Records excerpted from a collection
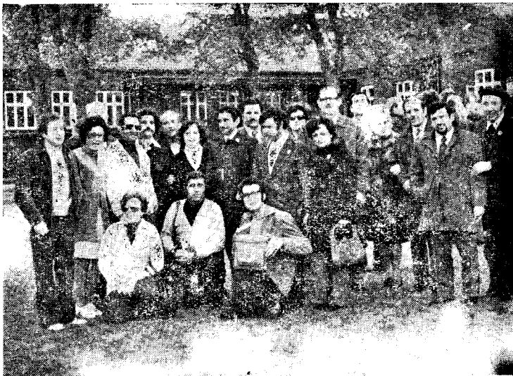
Hispanaj gekongresanoj antaŭ la vagonfabriko "SKANDIA"

Per la salutvortoj de la Hispana Delegito, ĉiuj partoprenantoj estis invitataj viziti la 26-an Kongreson de I.F.E.F. okazonta en Tarragona de la 11-a ĝis la 17-a de Majo 1974. Samtempe, li transdonis belan reproduktaĵon de la romia mozaiko "La Medusa" donacon de la urbestro de Tarragono al la urbestro de
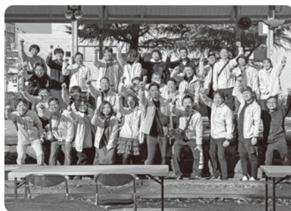
参加したメンバー
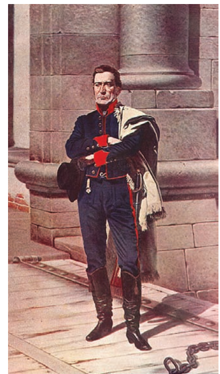
José Artigas en la Ciudadela, Montevideo, Uruguay, según la pintura de Juan Manuel Blanes de 1884.

Con todo, el liberalismo de la fase de ruptura del nexo colonial elabora algunas preceptivas que, aunque minoritarias y fugaces,
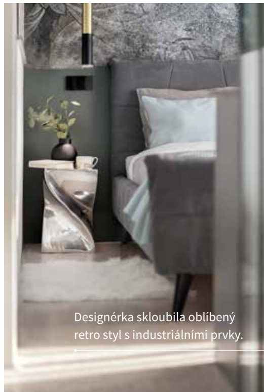
Designérka skloubila oblíbený retro styl s industriálními prvky.
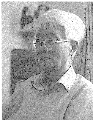
圖 60 胡秋原。

胡秋原(1910.5.5~2004.5.24)，文化評論家、政論家、編輯、主編。原名胡曾佑，又名業崇，筆名未明、石明、冰禪。湖北黃陂人。上海復旦大學中
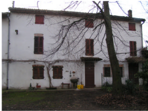
1. Edificio 1a. Fronte sud-est
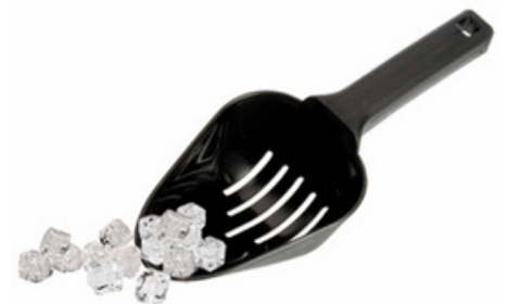
2010 - Paletta per ghiaccio H: 280 mm L: 110 mm 1 pz/sacchetto
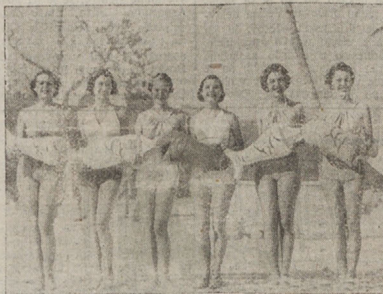
V Floridi sije sonce. Slika kaže lepotice z obale v Miami, ki uživajo v žarkih, medtem ko se v Njujorku tresejo od mraza

cej časa. Razgovarjala sta se o vseh evropskih vprašanjih, posebno pa se je Drummond dokotknil točke glede bombardiranja angleškega Rdečega križa od italijanskih letalcev v Vzhodni Afriki. Istočasno je zvedel dopisnik, da italijanski politični krogi zanikujejo vest, po ka-
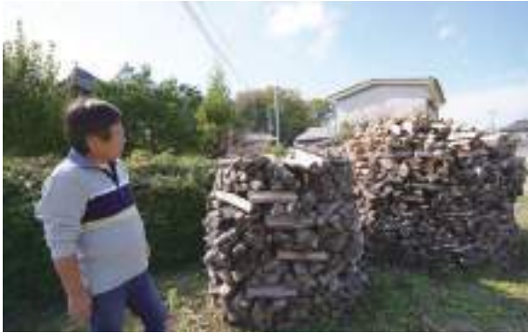
スウェーデン積みされた薪
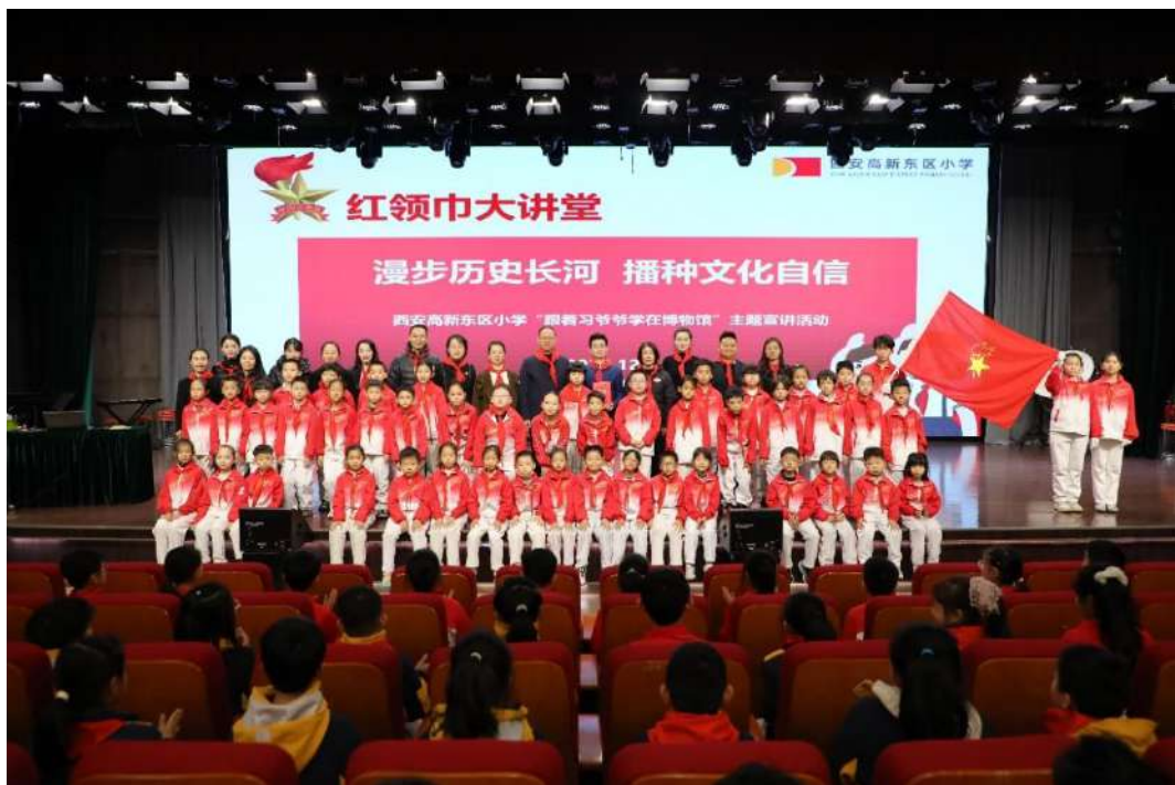
“五进”活动——走进西安高新东区小学

本年度我馆“五进”活动提质增量，创新成效显著。全年累计完成活动 22 场，深化与市委宣传部文明办合作，高效解决活动经费、人员调配、场地协调等核心难题，推动活动在数量、规模与影响力上实现质的飞跃。活动地域覆盖西安碑林区、长安区、雁塔区等核心区域，延伸至上海浦东新区，实现文博资源跨区域、多层次覆盖。
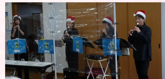
池の音楽隊♪の皆さん
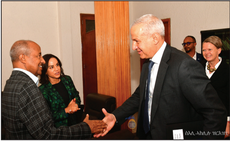
ወሰቀት ወተሰጃል ርዙቅ ተኔሪካይ ወረቁቅ ውርስ ኤረትሮፕ፡ ክምስልሁ-መ መባደሰት ተጃርብ ዕለ-ም ዲጂታይ ወወቅል በሰር/ሰናዕት ዲብ ተዕለ-ም ወሐብሬ ለረከዘ ሀድግ ወደ። ለመመቅርሐይት መአሰሳት

ልኡክ መዝመት ተዕለም፡ ዕለም ወግዳት መዝመት ምጅልስ ቅራን - 'የኔሰኮ' የም 28 ማዮ ምስል ውቁላም ሰብ-መዝ ሕክ-መት ኤረትሮፕ፡ ዲብ መትሰዳዳይ-ሕድ ወአህምየት ሕበር ለሶም ቅደይ ሀድገ።
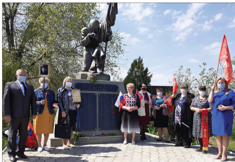
В ст.Вольно-Донской ко Дню Победы прошли митинг и церемония возложения цветов и венков к мемориалу павшим солдатам и воинскому захоронению.

Самым трогательным и поистине всенародным днем, радостным и одновременно скорбным, на протяжении десятилетий является День Победы. 9 Мая было и остается в России славной памятной датой, и никакие другие праздники не смогут сравниться с ней. В этот день по всей стране идут митинги в честь героев Великой Отечественной войны и возложения цветов к памятникам погибших.
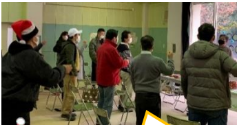
じゃんけんクリブル 抽選会！

What you should do: Pictures do not go in the copy; print every entry exactly as it stands.

Task answer:
Hispanaj gekongresanoj antaŭ la vagonfabriko "SKANDIA"

Per la salutvortoj de la Hispana Delegito, ĉiuj partoprenantoj estis invitataj viziti la 26-an Kongreson de I.F.E.F. okazonta en Tarragona de la 11-a ĝis la 17-a de Majo 1974. Samtempe, li transdonis belan reproduktaĵon de la romia mozaiko "La Medusa" donacon de la urbestro de Tarragono al la urbestro de
参加したメンバー
José Artigas en la Ciudadela, Montevideo, Uruguay, según la pintura de Juan Manuel Blanes de 1884.

Con todo, el liberalismo de la fase de ruptura del nexo colonial elabora algunas preceptivas que, aunque minoritarias y fugaces,
Designérka skloubila oblíbený retro styl s industriálními prvky.
圖 60 胡秋原。

胡秋原(1910.5.5~2004.5.24)，文化評論家、政論家、編輯、主編。原名胡曾佑，又名業崇，筆名未明、石明、冰禪。湖北黃陂人。上海復旦大學中
1. Edificio 1a. Fronte sud-est
2010 - Paletta per ghiaccio H: 280 mm L: 110 mm 1 pz/sacchetto
V Floridi sije sonce. Slika kaže lepotice z obale v Miami, ki uživajo v žarkih, medtem ko se v Njujorku tresejo od mraza

cej časa. Razgovarjala sta se o vseh evropskih vprašanjih, posebno pa se je Drummond dokotknil točke glede bombardiranja angleškega Rdečega križa od italijanskih letalcev v Vzhodni Afriki. Istočasno je zvedel dopisnik, da italijanski politični krogi zanikujejo vest, po ka-
スウェーデン積みされた薪
“五进”活动——走进西安高新东区小学

本年度我馆“五进”活动提质增量，创新成效显著。全年累计完成活动 22 场，深化与市委宣传部文明办合作，高效解决活动经费、人员调配、场地协调等核心难题，推动活动在数量、规模与影响力上实现质的飞跃。活动地域覆盖西安碑林区、长安区、雁塔区等核心区域，延伸至上海浦东新区，实现文博资源跨区域、多层次覆盖。
池の音楽隊♪の皆さん
ወሰቀት ወተሰጃል ርዙቅ ተኔሪካይ ወረቁቅ ውርስ ኤረትሮፕ፡ ክምስልሁ-መ መባደሰት ተጃርብ ዕለ-ም ዲጂታይ ወወቅል በሰር/ሰናዕት ዲብ ተዕለ-ም ወሐብሬ ለረከዘ ሀድግ ወደ። ለመመቅርሐይት መአሰሳት

ልኡክ መዝመት ተዕለም፡ ዕለም ወግዳት መዝመት ምጅልስ ቅራን - 'የኔሰኮ' የም 28 ማዮ ምስል ውቁላም ሰብ-መዝ ሕክ-መት ኤረትሮፕ፡ ዲብ መትሰዳዳይ-ሕድ ወአህምየት ሕበር ለሶም ቅደይ ሀድገ።
В ст.Вольно-Донской ко Дню Победы прошли митинг и церемония возложения цветов и венков к мемориалу павшим солдатам и воинскому захоронению.

Самым трогательным и поистине всенародным днем, радостным и одновременно скорбным, на протяжении десятилетий является День Победы. 9 Мая было и остается в России славной памятной датой, и никакие другие праздники не смогут сравниться с ней. В этот день по всей стране идут митинги в честь героев Великой Отечественной войны и возложения цветов к памятникам погибших.
じゃんけんクリブル 抽選会！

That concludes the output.